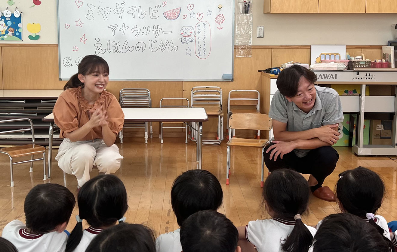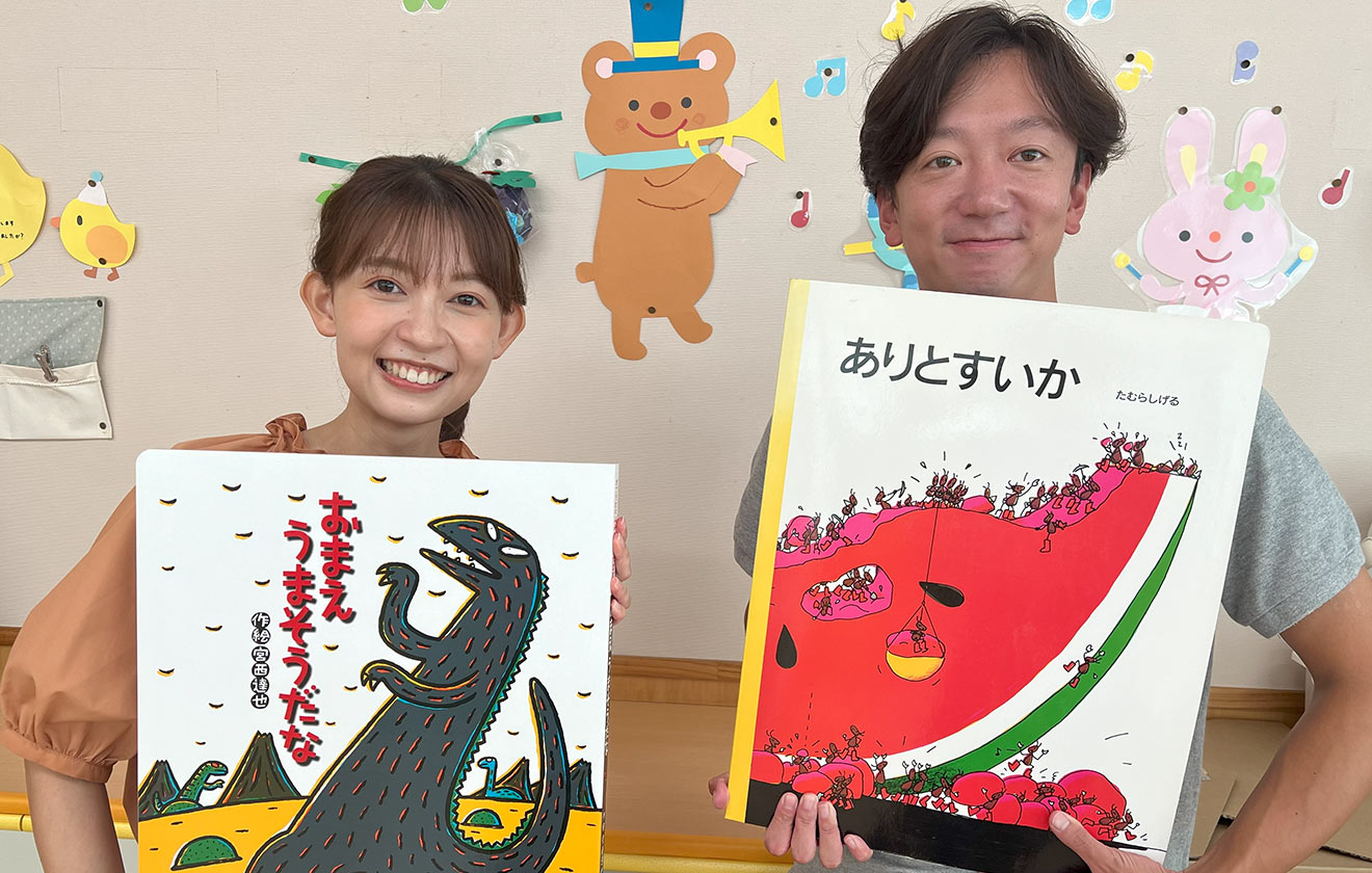 お誕生日会の中で、20分ほどお時間を頂いて、絵本の読み聞かせを行いました。数年前に伺う予定だった園ですが、新型コロナの影響で読み聞かせの活動が中断し伺えず。5年越しに行けました。園児の皆さんは、私たちアナウンサーの登場から温かい拍手を送ってくれ、読み聞かせの時間は、私たちの声に静かに耳を傾けつつも、盛り上がり所では反応しながら聞いてくれました。みんななんて偉いんだろうと感心したのと同時に、目の前にいる皆さんの生の反応を見ながら読み聞かせができるこの機会は、アナウンサーとしても重要な機会だなと再確認しました。岩切東光第二幼稚園のみなさん、ありがとうございました。
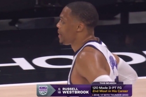 他2016-2017赛季,曾在雷霆单赛季命中200记三分,排在生涯之首
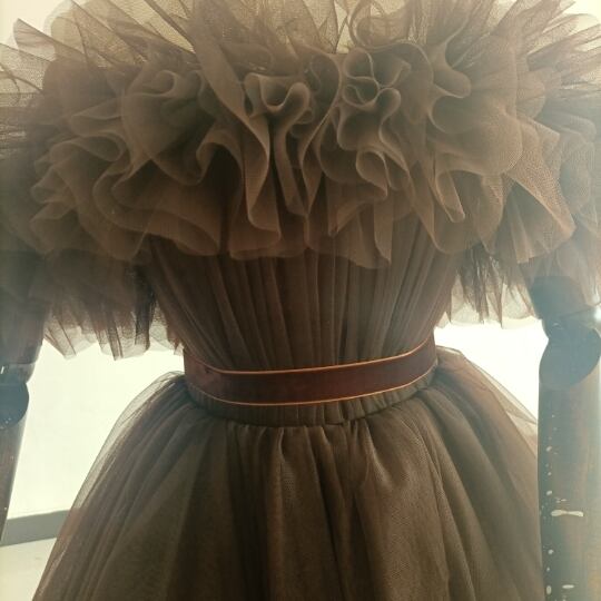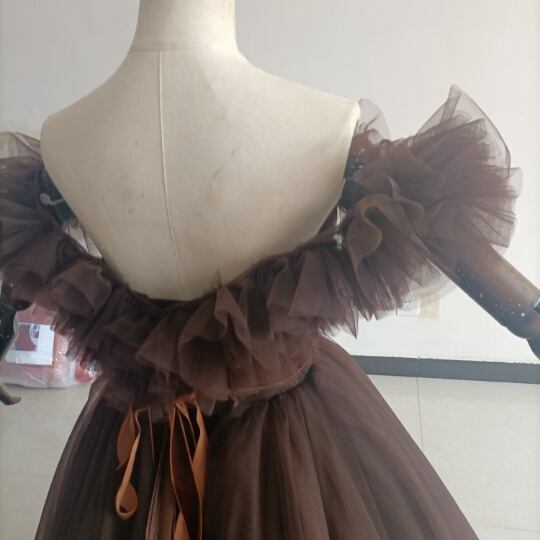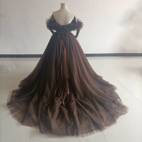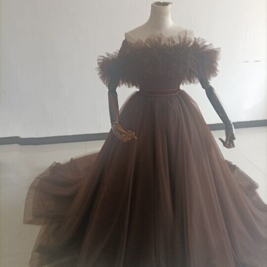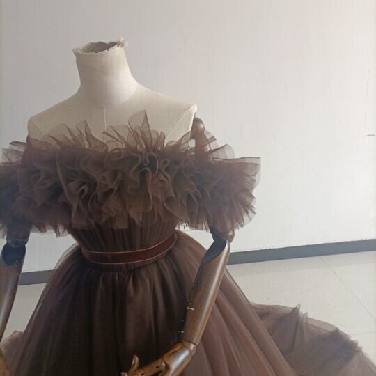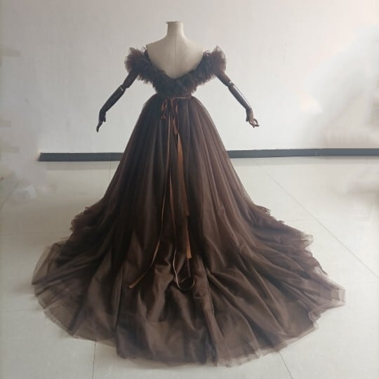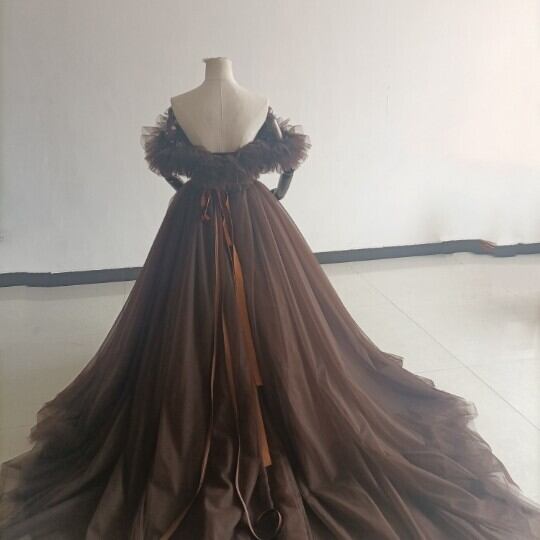 高品質!コーヒーのカラードレストレーン 取り外しオフショルダー サッシュベル

===============

What is expected:
Exactly the lines from the line with "他2016-2017赛季,曾在雷霆单赛季命中200记三分,排在生涯之首" through the last line of the listing, both included, should be extracted, and the pictures left behind.

Written reply:
 他2016-2017赛季,曾在雷霆单赛季命中200记三分,排在生涯之首
 高品質!コーヒーのカラードレストレーン 取り外しオフショルダー サッシュベル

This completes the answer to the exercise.